One of his proudest moments was his performance against reigning national champion LSU. Arkansas was no match for LSU when the two programs met Nov. 23, 2019, suffering a 56-20 defeat. But despite the lopsided result, Curl played one of his best games that day with a difficult pass breakup, a forced fumble and a fumble recovery against one of the best offenses in college football history.

After a junior campaign that included a career-high 76 tackles, two interceptions and a touchdown, Curl forwent his final year of collegiate eligibility to enter the 2020 NFL Draft. 

At 6-foot-1 and 206 pounds, he certainly has the size to play safety in the NFL. He also impressed scouts with his strength at the NFL Combine by doing 24 repetitions of 225 pounds on the bench press -- tied for the most among all defensive back prospects.

Curl talked to special teams coordinator Nate Kaczor and defensive backs coach Chris Harris at the combine, so he knew the Redskins had interest.
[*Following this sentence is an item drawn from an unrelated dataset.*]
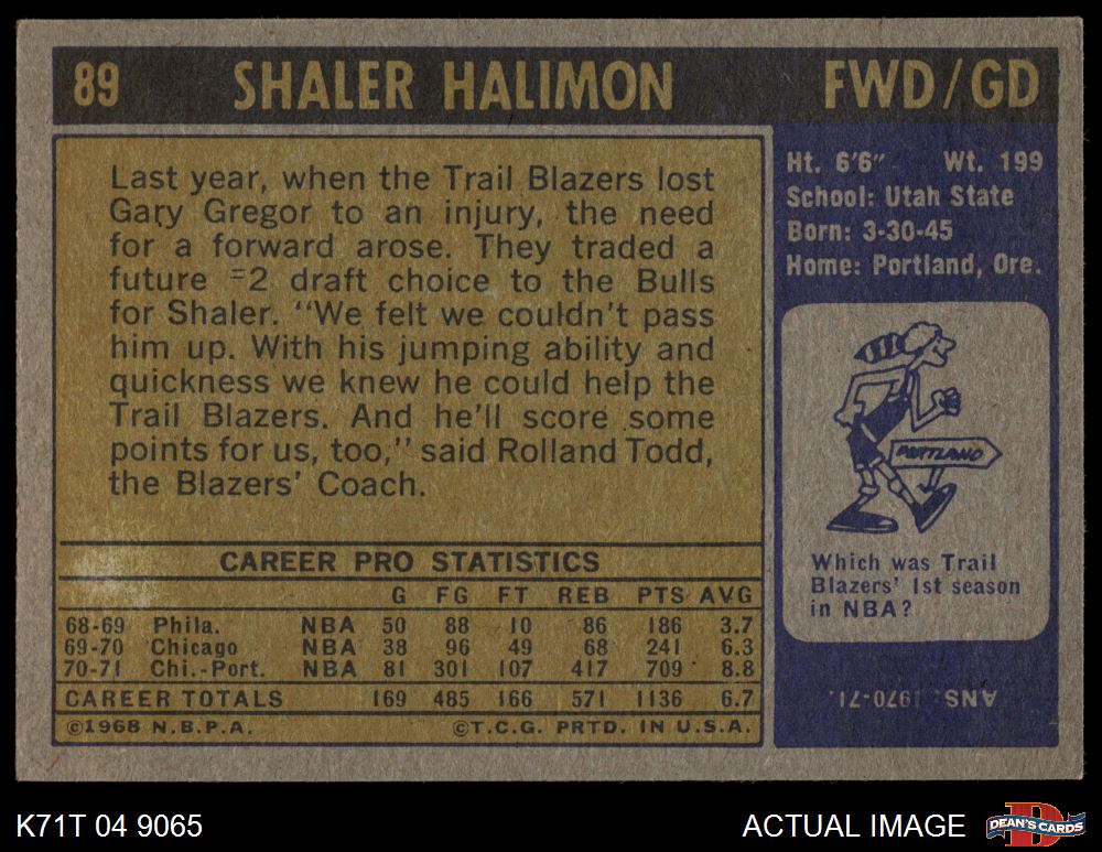 1971 Topps #89 Shaler Halimon 5 - EX

About two months later, Curl received a call from Rivera; after days of waiting, Curl was going to Washington.

"[Rivera] was just telling me he was happy to have me. I was telling him I was excited to come put the work in," Curl said. "He didn't really tell me what to expect, really. I'm just ready to get the work in and help the team as much as I can."
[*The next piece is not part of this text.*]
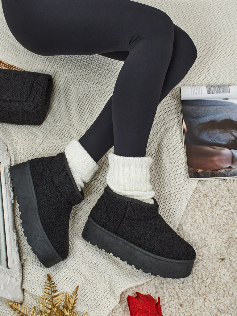 • Suurepärased naiste talvesaapad, paksu platvormtallaga lumekingad. Pealis on valmistatud kasukalaadsest kangast, sisemus on soojustatud karusnahaga. Ideaalne baas talveks!

Curl does not model his game after one or multiple players, but he prides himself on having a high football IQ, playing fast and creating turnovers. He also believes he's one of the more versatile defensive backs in this draft because of his ability to line up at safety or corner. 

Plus, Curl will have a strong mentor in perennial Pro Bowl safety Landon Collins, who led the Redskins in tackles in 2019. Curl has been watching Collins since he played at Alabama, so he almost cannot believe he'll be playing alongside him.

"It's going to be crazy," Curl said. "It's going to be surreal."

After months of speculation, Curl is ready to introduce himself to the NFL. He's ready to don the burgundy and gold and represent the nation's capital. He's ready to meet his new coaches and teammates.

But above all, he's ready to reconnect with the game he loves.

"Getting on the field, like that's what I want to do most. I just want to play football."

5. His father dislikes the Dallas Cowboys.

Growing up in Muskogee, Oklahoma, Curl's father, Greg, was surrounded by Dallas Cowboys fans. His whole family rooted for the Redskins' division rival, while he liked the Houston Oilers and Pittsburgh Steelers.

But as Curl became an NFL prospect, his father knew and accepted the possibility of the Cowboys drafting him.

"If they call his name, I'll be the biggest Cowboys fan ever." Curl's father told the Muskogee Phoenix days before the 2020 NFL Draft.

As it turns out, Curl's father now has even more reason to root against the Cowboys.